The American Civil Liberties Union (ACLU), a nonpartisan interest group that has historically supported individual rights, is suing Education Secretary Betsy DeVos over her new Title IX reforms on college campuses. Just last week, Sec. Devos released the long-awaited reforms to Title IX; her changes represent a complete overhaul of the Obama-era guidelines for Title IX and sexual misconduct cases. The Obama administration’s Title IX policies were biased against the accused, essentially stripping those parties of due process, and created a bogus evidentiary standard for handling sexual assault and rape cases. The previous guidelines paved an avenue for accusers to wrongfully bring claims of sexual misconduct forward, be taken at face value without proper due process, and for the accused to be wrongfully punished.

The ACLU, an organization which claims to champion civil liberties, including due process and free speech, claims that Sec. Devos’s new guidelines for sexual harassment are not strict enough:
“The DeVos standard redefines what constitutes sexual harassment and assault in disturbing ways. It excuses schools from investigating reports of harassment and assault that take place off campus or school grounds, like at unofficial frat houses, at an apartment on the edge of the campus, or during a school’s own study abroad program.”
The organization’s assessment completely misses the mark. Sec. Devos’s reforms to Title IX, with respect to harassment, bring much needed reforms to the Obama-era definition of sexual harassment. President Obama defined sexual harassment as “any unwelcome conduct of a sexual nature,” which allowed any unwanted speech to be deemed sexual harassment. Sec. Devos’s guidelines now mandate that any such conduct must be severely offensive to any reasonable person, which mirrors the Supreme Court’s 1999 ruling on harassment. Sec. Devos's Title IX overhaul also includes sexual assault, dating violence, domestic violence under the definition of sexual harassment, as to codify such misconduct as illegal discrimination on the basis of sex.

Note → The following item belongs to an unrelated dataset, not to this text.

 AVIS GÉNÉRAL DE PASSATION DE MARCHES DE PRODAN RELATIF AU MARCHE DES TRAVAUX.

The Obama administration’s loose framework led to cases adjudicated on campuses being later overturned in court, and actually undermined the severity of sexual harassment as a crime. Such a loose definition for deeming speech as harassment does a disservice to students who have actually been sexually harassed. Sec. Devos’s new regulation gets it right.

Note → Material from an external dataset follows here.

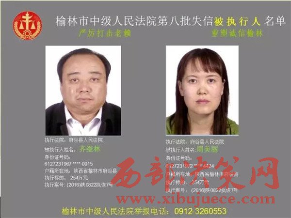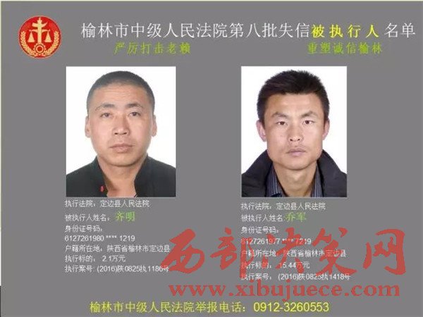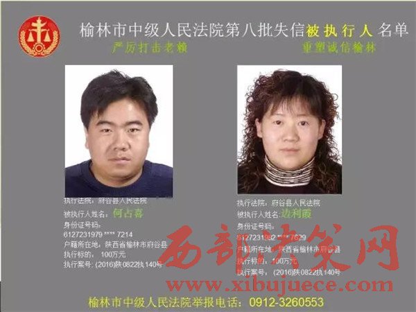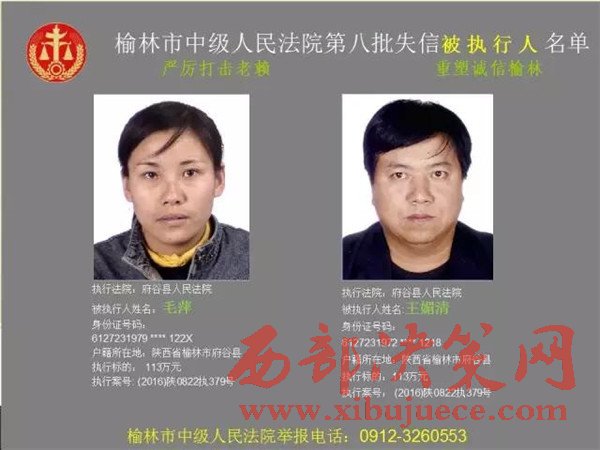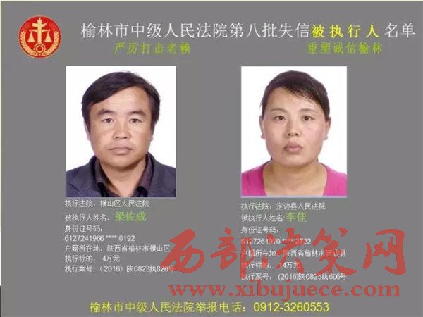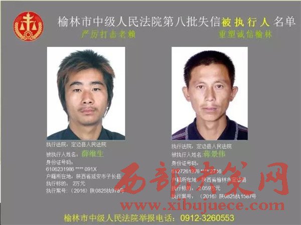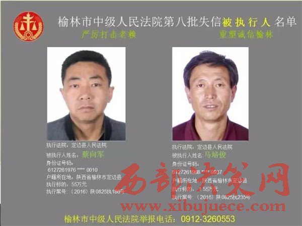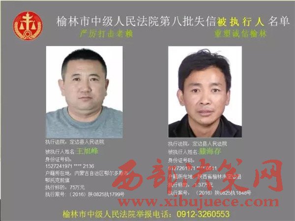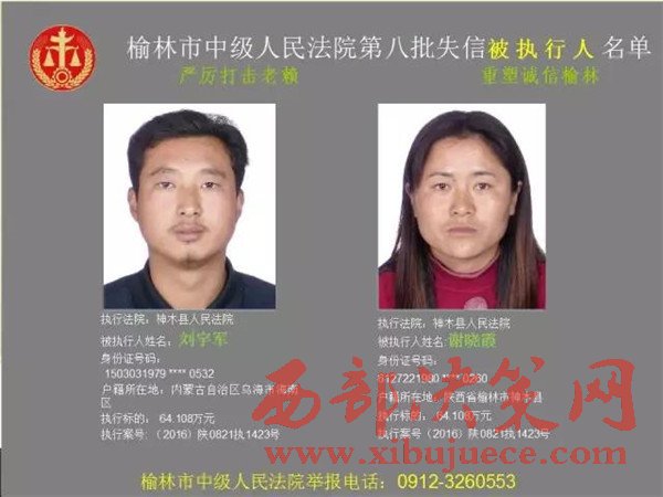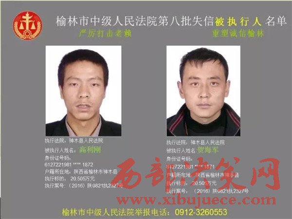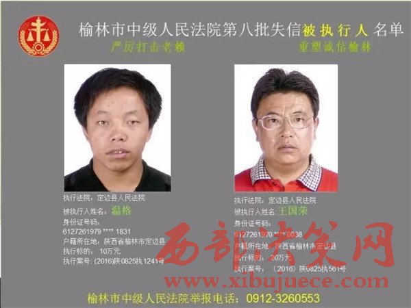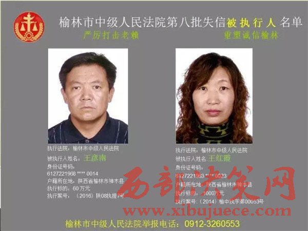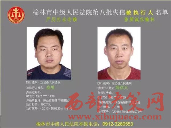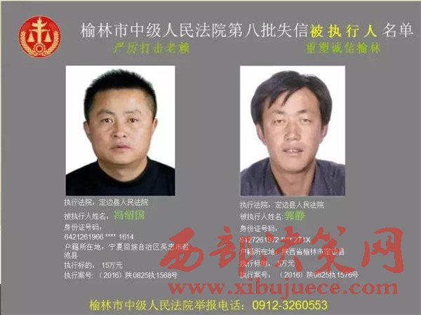 榆林中院最新發(fā)布第八批失信被執(zhí)行人"黑名單"

Most egregiously, the ACLU claims that Sec. Devos’s new guidelines create barriers to report sexual misconduct.
“Sexual harassment and assault have no place in our schools. Federal law imposes obligations on schools to make sure that’s the case. Students shouldn’t have to jump through hoops just to report abuse, and schools should not be allowed to ignore claims of discrimination on the basis of sex when they would have to respond to claims of discrimination on other protected grounds.”
A basic understanding of the new regulations directly refutes the ACLU’s sanctimonious claim. Nowhere in the new guidelines does Sec. Devos’s ED allow for any such discrimination on the basis of sex, and as Sec. Devos has said repeatedly, sexual misconduct in any form has no place on college campuses.

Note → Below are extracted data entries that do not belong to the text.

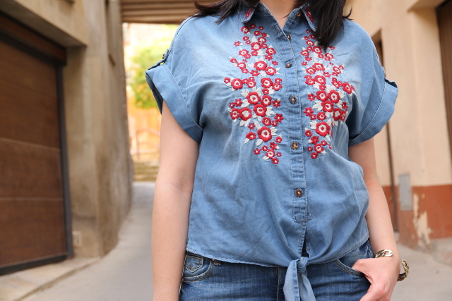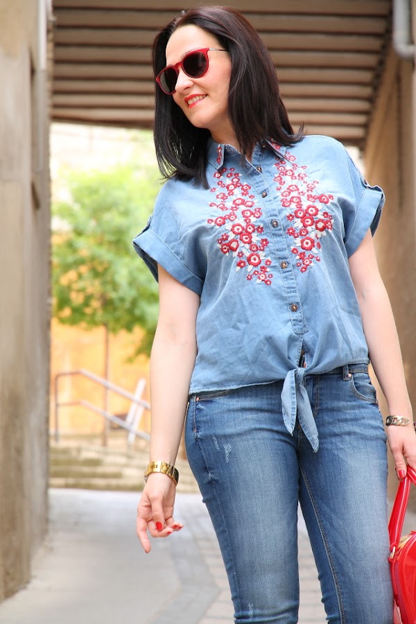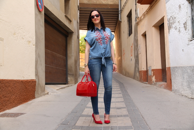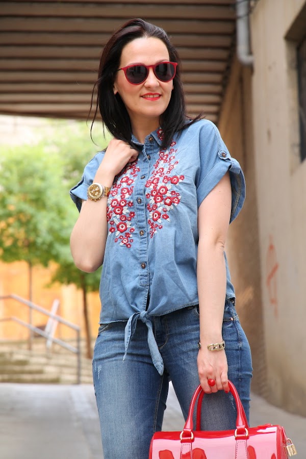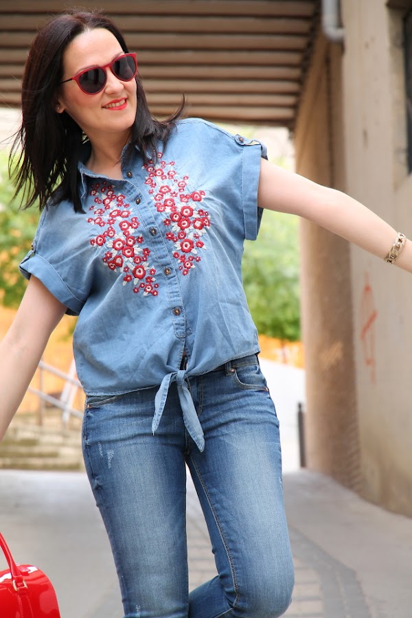 Denim on denim, una combinación de las que me encantan. En el caso del look de hoy aun me gusta más por el bordado de flores de la blusa, le da un aire más chic, como a mi me gusta. He optado por combinar el rojo del bordado con los complementos y mi bolso preferido para el verano.
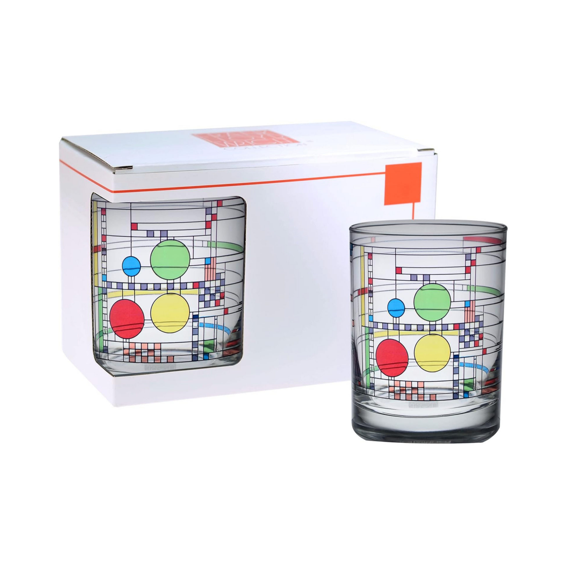 This double old fashioned glass features a playful art glass window design from Avery Coonley Playhouse created by Frank Lloyd Wright in 1912. With asymmetrical geometric designs and suggestions of flags, balloons, and confetti; the brightly colored windows bring to mind a parade
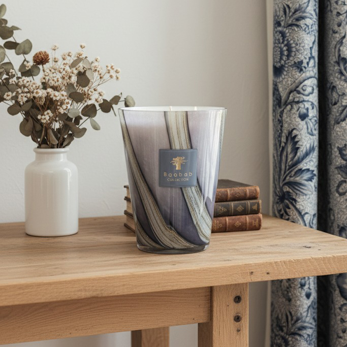 Bougie Baobab Woods Brocéliande (MAX 10) : parfum aromatique mêlant elemi, vetiver et mousse. Verre soufflé à lignes verticales, tons gris-lavande, 4 mèches. Un parfum boisé, enveloppant, idéal pour une ambiance sereine. Disponible à partir de 105 €.

"This new regulation requires schools to act in meaningful ways to support survivors of sexual misconduct, without sacrificing important safeguards to ensure a fair and transparent process. We can and must continue to fight sexual misconduct in our nation's schools, and this rule makes certain that fight continues," Sec. Devos said in an earlier release.
The organization refers to Sec. Devos’s mandate that students report a claim to a Title IX official on campus, rather than any instructor or administrator. After this, if the student wishes, the process, and possible adjudication, will move forward. Such a procedure hardly constitutes a “hoop” to jump through.

The ACLU was once one of the most powerful organizations supporting civil liberties, but is now arguing against stronger protections for due process. Sec. Devos’s overhaul ensures that proper justice is carried out for both parties, and that basic civil liberties, including due process, are not compromised when institutions adjudicate these cases. Protecting basic agency for the accused under Title IX is not mutually exclusive with fair adjudication, nor do such protections impede on rights of the accuser. Sec. Devos's guidelines ensure that institutions practice judicial impartiality without compromising due process or free speech.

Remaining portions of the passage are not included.